Sorry Dad but: the best part about a snoek braai for me is in the left overs, and not in the actual meal. Cold smoked snoek flakes so loverly. You can add spice to it, you can make a dip from it, you create delicious omelettes and quiches and tarts. You can make snoek pate and flat breads and that's Sunday dinner, sorted.



Smoked Snoek pâté


Adapted from the recipe for Silwood Snoek Pate in the timeless classic The Complete South African Fish and Seafood Cookbook by Alicia Wilkinson. Most of the pages of this  book are available for preview at google books but it's worth buying just for the comprehensive guide at the back that explains all the types of fish in our waters, gives their other names (of which there are a myriad), their locations, characteristics and suitable cooking methods. Quite handy indeed.

  • half a left-over smoked snoek from the braai
  • 30ml lemon juice
  • 1 handful parsley, finely chopped
  • small bunch chives, finely snipped
  • 100ml fresh cream ( or add more if your half- snoek happens to be quite big)
  • 3 tablespoons butter, melted
  • salt and freshly ground black pepper
  1. Skin the fish and starting from one end, pick off the meat and carefully pick out every single bone (the problem with snoek is that they are spindly things and likely induce a need for the Heimlich manoeuvre at the dinner table which is something that we try to avoid as it is not very classy at all).
  2. Place all the ingredients in a food processor and blitz like crazy. The special thing about this pate is it's light and smooth texture. Add a little more cream if you want it a bit smoother. Season to taste. 
  3. Place in ramekins or a pretty crock and refrigerate for at least two hours to firm up. Serve with flat breads and a sprig of parsley.
* If you don't have a food processor or care for one- lightly flake the snoek with a fork, and add less cream and butter, and maybe some crunchy bits like tiny celery cubes or cucumber cubes. The result won't really be a pate- but it will still fit on a cracker and taste scrumptious. 

Flat breads

These bad boys are easy to make, and impressive. The recipe is adapted from an article by Matt Preston in Delicious Magazine. I like the bread. But I don't understand how someone can Braai with a necktie on (quizzed expression on face).

He makes his flatbreads on his 'barbeque'- a gas affair that doesn't hint at flames or coals. I don't really see the point so I make mine on my floured stove surface or under a hot grill where they pop up a bit like pitas. Which is cool. 

  • 500g cake flour
  • 1/2 teaspoon baking powder
  • 140ml milk
  • 65ml olive oil
  • 2.5ml salt
  • lukewarm water
  1. Sieve flour, baking powder and salt together.
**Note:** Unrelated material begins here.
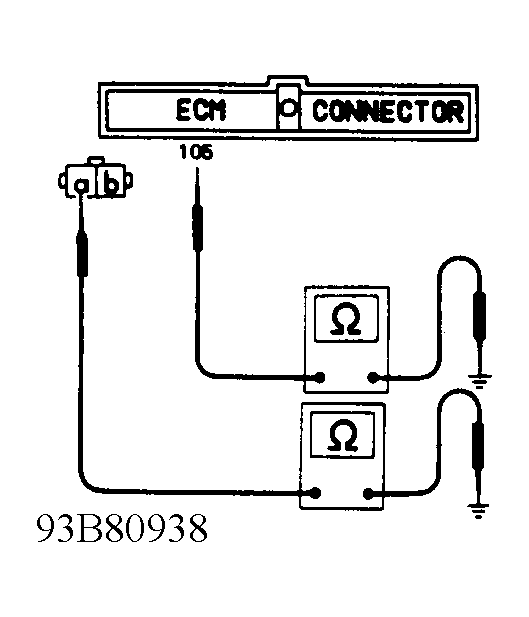 - Start engine. Connect voltmeter between ECM terminal No. 105 and ground. See Figure

Add olive oil, milk  and enough lukewarm water to make a nice stretchy dough. 
  2. Knead for about 8 - 10 minutes until pliable and elastic. Place aside in an oiled bowl to rest for at least forty minutes. 
  3. I have one of those flat what-you-mcall-it? stovetops. Man. The ones that look glassy and get red rings under to show they're hot. Anyway. If you have one of these, heat it up, if you don't think your stove plate can deal with getting flour on it, then heat up a plain frying pan. 
  4. Break off balls of dough the size of a gobstopper (Don't you hate how recipes always say walnut-sized balls? Like we all have walnut trees in our gardens to measure by.) and roll them out really thinly. Now dust your stove plate with flour and place the thinly rolled dough on top. You'll see it go all funky and get bubbly. Thats what we like. Don't fret if the flour burns, it's yum and tastes like it came off a grill in North Africa somewhere ( I like to imagine). Turn until browned on both sides.Set aside. Before serving, heat up in the oven for a bit if you fancy. 
  5. Break of double- sized chunks of dough and roll them out to about a 1/2 cm thickness. Pop on a baking tray dusted with flour and place under your hell- hot grill, only about 8 cm or so from the top. 
  6. Don't go away (ahem, yes, I did and returned in two minutes to a kitchen filled with acrid- smelling smoke). The dough will puff up and brown in a minute or two, turn over with tongs and allow the other side to brown. That's all folks.